Every vector can also have attributes, which you can think of as a named list of arbitrary metadata. Two attributes are particularly important. The dimension attribute turns vectors into matrices and arrays and the class attribute powers the S3 object system. While you’ll learn how to use S3 in Chapter 13, here you’ll learn about some of the most important S3 vectors: factors, date and times, data frames, and tibbles. And while 2D structures like matrices and data frames are not necessarily what come to mind when you think of vectors, you’ll also learn why R considers them to be vectors.

Quiz

Take this short quiz to determine if you need to read this chapter. If the answers quickly come to mind, you can comfortably skip this chapter. You can check your answers in Section 3.8.
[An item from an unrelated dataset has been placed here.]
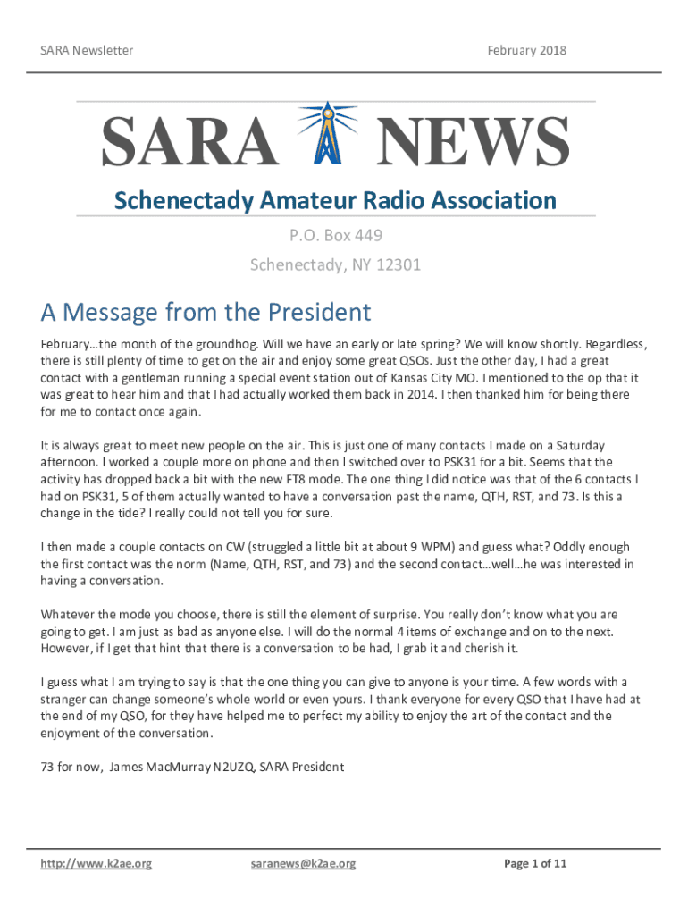 SARA Newsletter February 2018SARANEWSSchenectady Amateur Radio Association P.O. Box 449 Schenectady, NY 12301A Message from the President February the month of the groundhog. Will we have an early
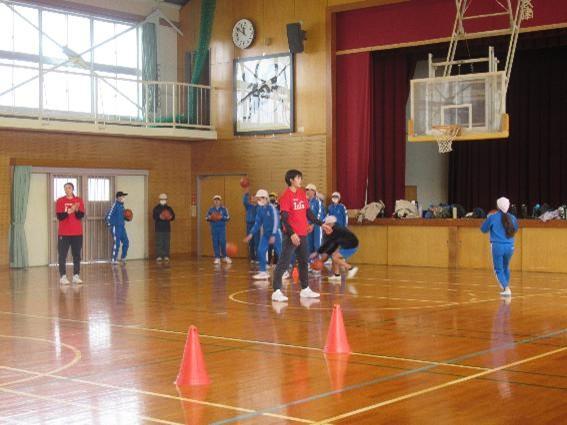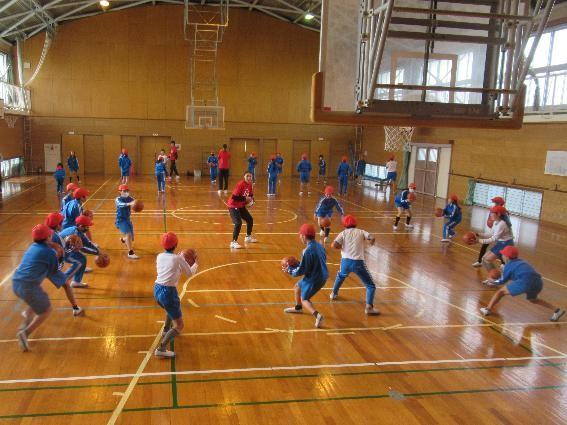 昔遊びと同じ時間帯に、体育館では5、6年生を対象にバスケット教室が開かれました。先生は長く第一線で活躍されてきた、デンソー所属の選手のみなさん。初心者の子どもたちに、バスケを楽しむひとときを提供してくださいました。

1. What are the four common types of atomic vectors? What are the two rare types?

2. What are attributes? How do you get them and set them?

3. How is a list different from an atomic vector? How is a matrix different from a data frame?

4. Can you have a list that is a matrix? Can a data frame have a column that is a matrix?

5. How do tibbles behave differently from data frames?

Outline

• Section 3.2 introduces you to the atomic vectors: logical, integer, double, and character. These are R’s simplest data structures.

• Section 3.3 takes a small detour to discuss attributes, R’s flexible metadata specification. The most important attributes are names, dimensions, and class.

• Section 3.4 discusses the important vector types that are built by combining atomic vectors with special attributes. These include factors, dates, date-times, and durations.

• Section 3.5 dives into lists. Lists are very similar to atomic vectors, but have one key difference: an element of a list can be any data type, including another list. This makes them suitable for representing hierarchical data.

• Section 3.6 teaches you about data frames and tibbles, which are used to represent rectangular data. They combine the behaviour of lists and matrices to make a structure ideally suited for the needs of statistical data.

1. Collectively, all the other data types are known as “node” types, which include things like functions and environments. You’re most likely to come across this highly technical term when using gc(): the “N” in Ncells stands for nodes and the “V” in Vcells stands for vectors.↩︎

2. A few places in R’s documentation call lists generic vectors to emphasise their difference from atomic vectors.↩︎